My journey in therapy has been so intertwined with my spiritual journey. I had always been told or reminded of the 'do not worry' verses but I couldn't seem to help my anxiety. In therapy I've learnt to break those cycles of anxiety and to use my brain and to think more - my therapists are constantly telling me to do this. But it was only this morning, when someone was talking about not being able to help worrying about something, that I finally realised what all those 'do not worry' verses are about; what they really mean. I always felt like I was just less of a Christian because I couldn't 'not worry'. Now I realise that I'm just human. And let's face it, if we weren't all so human, what would be the purpose of Grace?

Sunday 9 June 2013

happily ever after part two

At church this morning I was thinking about books. (See my post on my writing blog, Happily Ever Afters.) I was thinking about how popular literature is currently very fantasy based; how it is an escape from real life. The preach at church was about 'What happens when we die?' and Pete, who was speaking, focused on how any works you do now, as a work for the Lord, will not be in vain. He cited 1 Corinthians 15:58, which says, 'Therefore, my beloved brothers, be steadfast, immovable, always abounding in the work of the Lord, knowing that in the Lord your labour is not in vain.' The preach was very good and I took a lot away from it, but it made me think about the Bible. As a Christian, I believe that the Bible is the word of God; that it is His truth. Pete also talked about hope. Hope doesn't have the answers, nor is it a form of escapism. But God gives us hope in order that we might persist and persevere; that what we do now in His name and in hope, will not be in vain. I was also thinking about how, psychologically speaking, faith seems to fulfil the desires of the human mind, especially my desires. Many psychologists believe that God was created by man to fulfil these desires and that believing in Him is just a fantasy; an escape. But unlike the fantasy books I read to escape from real life, the Bible is true. It doesn't give us an escape from life; it helps us to deal with life, with God. It gives us hope. And teaches us to live life in such a way that, though it isn't perfect, we can be joyful in God. More people should turn to the Bible rather than fiction, because it is the truth and it maintains us and gives us hope. Perhaps if we turned to God more, we wouldn't be so desperate to escape our lives. The only thing the Bible really has in common with fantasy fiction is the 'happily ever after'.
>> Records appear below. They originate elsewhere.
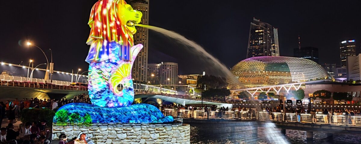シンガポールの観光といえばなにはともあれマーライオンです。今回は夜にマーライオンパークに行ったのですが、がっつり本体にプロジェクションマッピングされていて文字通り光り輝いていました。さすがにこの周辺はそれなりに観光客がいましたが、2023年や2024年に訪問した際の混み具合とは比べ物にならない空き具合ではありました。
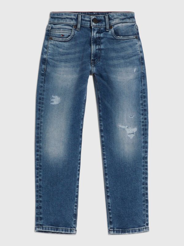 • مزيج الجينز القطني المطاطي • أجزاء ممزقة في الأمام • أجزاء باهتة في الأمام والخلف • تصميم بخمسة جيوب • علامة تومي هيلفيغر التجارية • تطريز علم تومي هيلفيغر على الأمام والخلف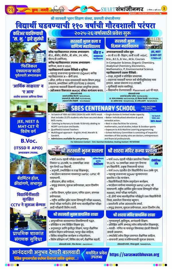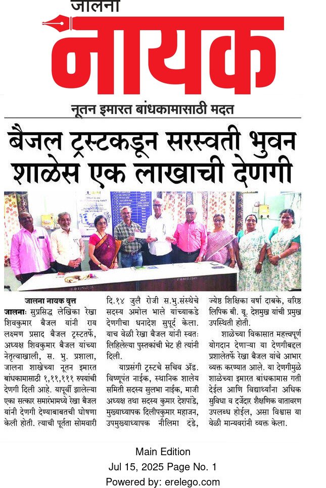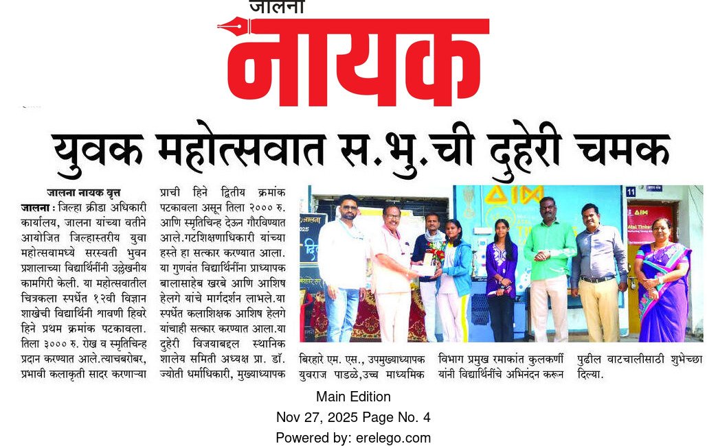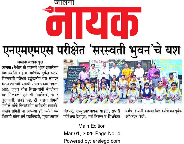 S. B. Prashala, Jalna — also known as Saraswati Bhuvan High School — is a well-known educational institution located on Kacheri Road, Old Jalna, near Town Hall, Gandhi Chaman, Jalna (Maharashtra). The school is part of the prestigious Shri Saraswati Bhuvan Education Society, an educational organization established in 1915 with the vision of spreading quality education and promoting learning in the Marathi language during the pre-independence period.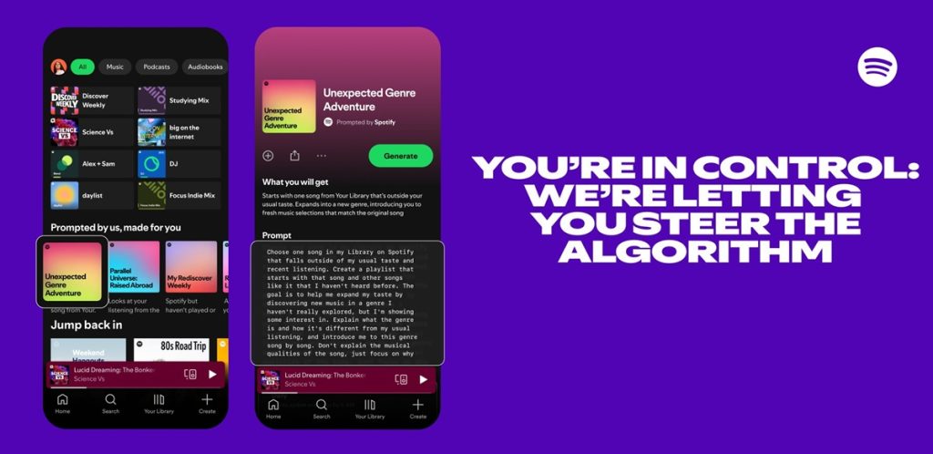 From Discover Weekly to Release Radar, Spotify has always made listening personal. Tools like Smart Shuffle, Playlist song suggestions, and Mixing Tools let users shape their playlists. But Prompted Playlists go further: you can now guide the algorithm with your own words, ideas, and logic. Spotify listens and adapts to create playlists tailored to your full listening history.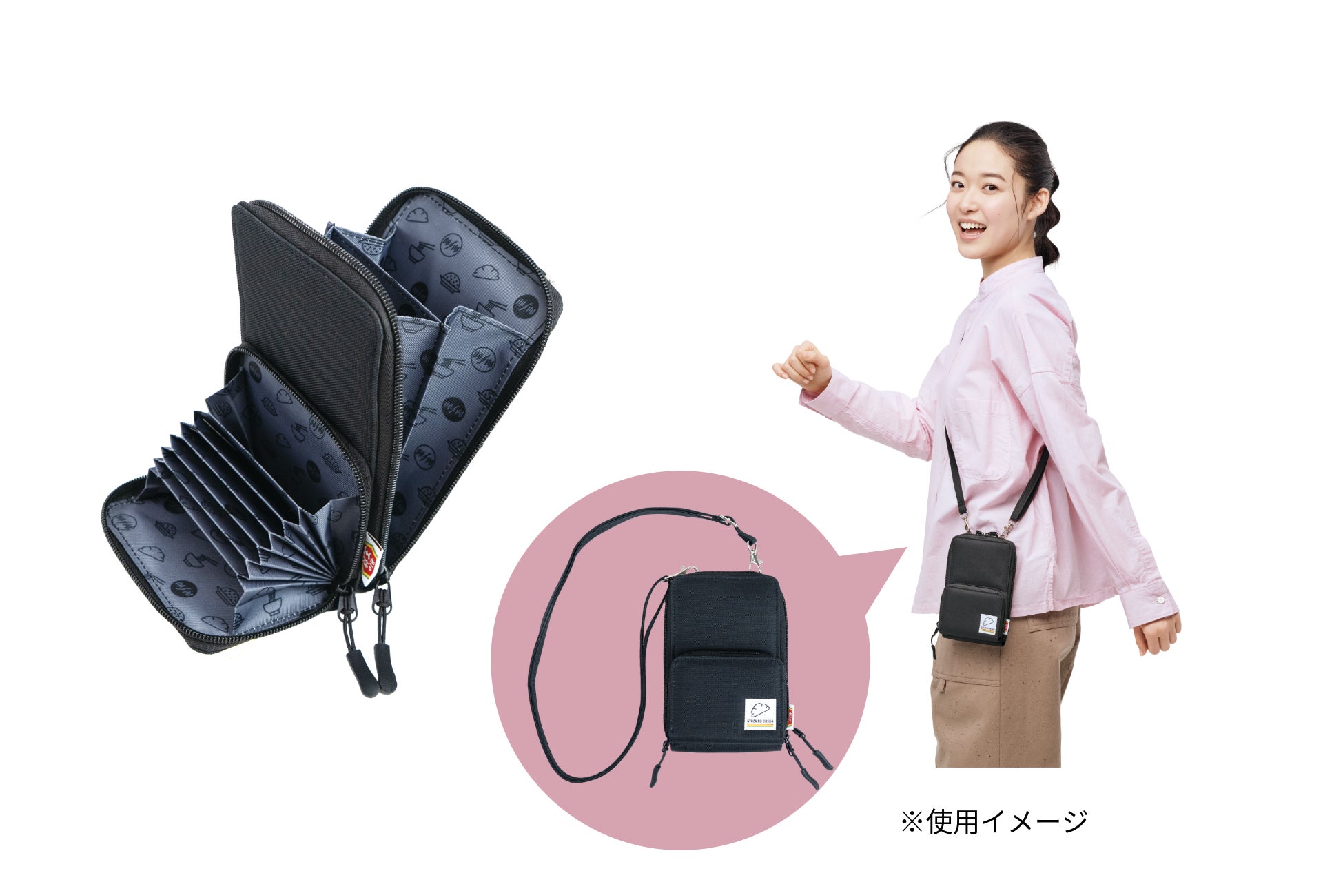 スマホショルダーやカード入れとしても使える、便利なマルチショルダーバッグです。ストラップをつけて身に着けるのはもちろん、紐を外せばインナーバッグとしても活躍します。内側には人気メニューのイラストをあしらっています。

This post is rather unfocused and probably doesn't make sense to anyone but me, so I apologise if you think it's a load of rubbish. But it made sense in my head. In the strange way that things in my head make sense...

Sunday 26 May 2013

Scared... Me?!

Ok so I actually started writing this post months ago but I never got around to completing it. And now I know why... the service at church this morning reminded me of this semi-finished post and when I came back to read it, I realised just how right the timing is for it now. Obviously it wasn't right before. So here it is. It's about fear, God, relationships and 'extravagant love'. I feel like perhaps there will be some kind of conclusion to it next week. We'll have to wait and see but in the meantime, please read and make what you will of my ever rambling-ness.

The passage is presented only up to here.